Keep the text of the data exactly as it is and omit each picture from the copy.

[[ SOURCE MATERIAL open ]]

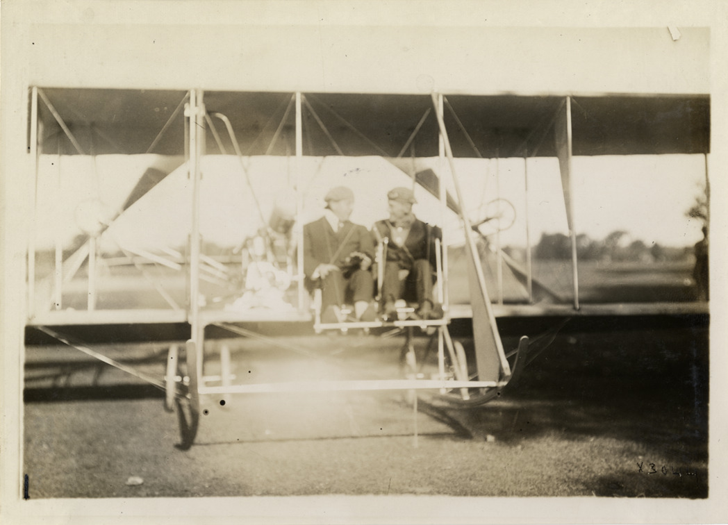 View of aviator and unidentified man seated in airplane at Grosse Pointe aviation meet. Stamped on back: "Spooner & Wells, Inc., photographers, 1231 Woodward Ave., Detroit, Mich., telephone North 1745." Handwritten on back: "Aircraft competitions--Grosse Pointe aviation meet, 1911." Label on file: "Regarding the Grosse Pointe file. The aviation event took place at the then Grosse Pointe Golf Club, now the site of the Grosse Pointe High School. The occasion was the result of Russell A. Alger's effort to bring the Wright airplane to Detroit. Alger was a founder of the Detroit Aviation Society and an investor in the Wright Airplane Co. The planes [sic] pilot, Frank R. Coffyn, took 41 high status passengers aloft during the period, June 18-20, 1911. Later Alger bought the plane and had Coffyn teach him to fly it."
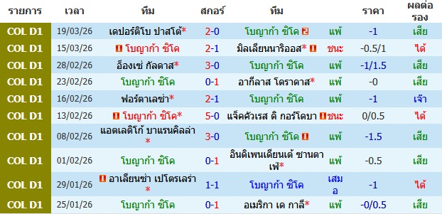 ผลงาน 10 นัดหลังสุดของทีม โบญาก้า ซิโค
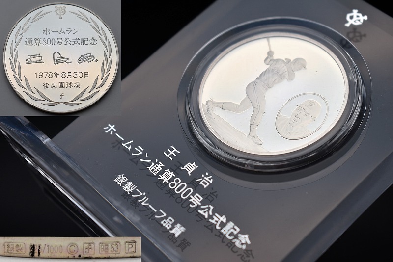 石川県金沢市のお客様に出張買取にてご依頼頂き、銀製 ジャイアンツ 王貞治 ホームラン通算800号公式記念 メダルを買取りさせていただきました。
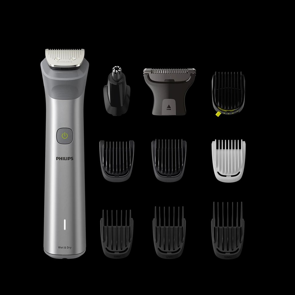 One tool, complete styling Craft your personal look with this versatile trimmer, which includes 11 quality tools for styling your face, head and body. Self-sharpening stainless steel blades stay sharp as day one without oiling for a precise trim. HIGHLIGHTS Easy to grip and control The trimmer is easy to hold and maneuver with an ergonomic rubber grip for superior comfort and control. A trimmer that adjusts to your beard The trimmer scans the beard density 125x per second and boosts power exactly when you need it to tackle also dense, bushy or longer beards. Always know when it s time to charge A battery indicator lets you know your battery status: low, empty, charging or full. So you never get caught with an empty battery in the middle of your trim. Trim ear and nose hair easily and comfortably Avoid nicks and cuts as the all-in-one trimmer quickly removes unwanted nose and ear hair. Water-resistant for convenient use and easy cleaning The trimmer is water resistant, so you can use it comfortably in the shower and clean it easily under the tap. Say goodbye to body hair Shave comfortably below the neck with our body shaver attachment. A unique skin-protection system guards sensitive areas while you shave as close as 0.5 mm. You can also trim body hair with the click-on comb. Your haircut at home With the trimmer s multi-comb system you can choose length settings between 0.5 16 mm to create your hairstyle at home. Long lasting performance for precise results Stainless steel blades remain sharp as day one for long lasting performance. No oil required. All-in-one for face, head & body This all-in-one trimmer offers 11 tools for all your grooming needs. Conveniently trim and style your facial hair, clip your hair and groom your body. Runs 4 weeks on a single charge* A powerful lithium-ion battery provides up to 120 minutes of runtime with 5-minute quick charge option for long life and maximum power. Get an even trim and sharp edges The trimmer and its multi-comb set offer 11 length settings from 0.5 to 16 mm in 1 mm precision steps for shorter and longer beard styles. Create sharp edges and clean up cheeks, chin and neck with the metal trimmer to finish your look. SPECIFICATIONS Power Run time:Up to 120 minutes Battery type:Lithium-ion Charging:60 minutes 5 min quick charge Charging method:USB-A (no adapter included) Maximum power consumption:5 W Input Voltage:5 V Design Handle:Ergonomic rubber grip Service 2-year warranty:Yes Ease of use Maintenance free:No blade oil required Wet & Dry:100% shower proof Display:Battery low indicator Battery full indicator Battery charging indicator Operation:Cordless use only Charging:USB-A Charging (5V / 1A) Versatile styling Styling tools:Steel trimmer Nose and ear trimmer Body shaver with skin protector 2 stubble combs 3-7 mm adjustable comb 3 hair combs 1 body comb Accessories:Soft pouch Cleaning brush USB-A (adapter not included) # of attachments:11 Cutting performance Cutting performance:Self-sharpening steel blades BeardSense technology Length settings:11 (0.5 16 mm) Precision steps:Up to 1 mm

[[ SOURCE MATERIAL closed ]]

» RESPONSE FOR THIS EXERCISE
 View of aviator and unidentified man seated in airplane at Grosse Pointe aviation meet. Stamped on back: "Spooner & Wells, Inc., photographers, 1231 Woodward Ave., Detroit, Mich., telephone North 1745." Handwritten on back: "Aircraft competitions--Grosse Pointe aviation meet, 1911." Label on file: "Regarding the Grosse Pointe file. The aviation event took place at the then Grosse Pointe Golf Club, now the site of the Grosse Pointe High School. The occasion was the result of Russell A. Alger's effort to bring the Wright airplane to Detroit. Alger was a founder of the Detroit Aviation Society and an investor in the Wright Airplane Co. The planes [sic] pilot, Frank R. Coffyn, took 41 high status passengers aloft during the period, June 18-20, 1911. Later Alger bought the plane and had Coffyn teach him to fly it."
 ผลงาน 10 นัดหลังสุดของทีม โบญาก้า ซิโค
 石川県金沢市のお客様に出張買取にてご依頼頂き、銀製 ジャイアンツ 王貞治 ホームラン通算800号公式記念 メダルを買取りさせていただきました。
 One tool, complete styling Craft your personal look with this versatile trimmer, which includes 11 quality tools for styling your face, head and body. Self-sharpening stainless steel blades stay sharp as day one without oiling for a precise trim. HIGHLIGHTS Easy to grip and control The trimmer is easy to hold and maneuver with an ergonomic rubber grip for superior comfort and control. A trimmer that adjusts to your beard The trimmer scans the beard density 125x per second and boosts power exactly when you need it to tackle also dense, bushy or longer beards. Always know when it s time to charge A battery indicator lets you know your battery status: low, empty, charging or full. So you never get caught with an empty battery in the middle of your trim. Trim ear and nose hair easily and comfortably Avoid nicks and cuts as the all-in-one trimmer quickly removes unwanted nose and ear hair. Water-resistant for convenient use and easy cleaning The trimmer is water resistant, so you can use it comfortably in the shower and clean it easily under the tap. Say goodbye to body hair Shave comfortably below the neck with our body shaver attachment. A unique skin-protection system guards sensitive areas while you shave as close as 0.5 mm. You can also trim body hair with the click-on comb. Your haircut at home With the trimmer s multi-comb system you can choose length settings between 0.5 16 mm to create your hairstyle at home. Long lasting performance for precise results Stainless steel blades remain sharp as day one for long lasting performance. No oil required. All-in-one for face, head & body This all-in-one trimmer offers 11 tools for all your grooming needs. Conveniently trim and style your facial hair, clip your hair and groom your body. Runs 4 weeks on a single charge* A powerful lithium-ion battery provides up to 120 minutes of runtime with 5-minute quick charge option for long life and maximum power. Get an even trim and sharp edges The trimmer and its multi-comb set offer 11 length settings from 0.5 to 16 mm in 1 mm precision steps for shorter and longer beard styles. Create sharp edges and clean up cheeks, chin and neck with the metal trimmer to finish your look. SPECIFICATIONS Power Run time:Up to 120 minutes Battery type:Lithium-ion Charging:60 minutes 5 min quick charge Charging method:USB-A (no adapter included) Maximum power consumption:5 W Input Voltage:5 V Design Handle:Ergonomic rubber grip Service 2-year warranty:Yes Ease of use Maintenance free:No blade oil required Wet & Dry:100% shower proof Display:Battery low indicator Battery full indicator Battery charging indicator Operation:Cordless use only Charging:USB-A Charging (5V / 1A) Versatile styling Styling tools:Steel trimmer Nose and ear trimmer Body shaver with skin protector 2 stubble combs 3-7 mm adjustable comb 3 hair combs 1 body comb Accessories:Soft pouch Cleaning brush USB-A (adapter not included) # of attachments:11 Cutting performance Cutting performance:Self-sharpening steel blades BeardSense technology Length settings:11 (0.5 16 mm) Precision steps:Up to 1 mm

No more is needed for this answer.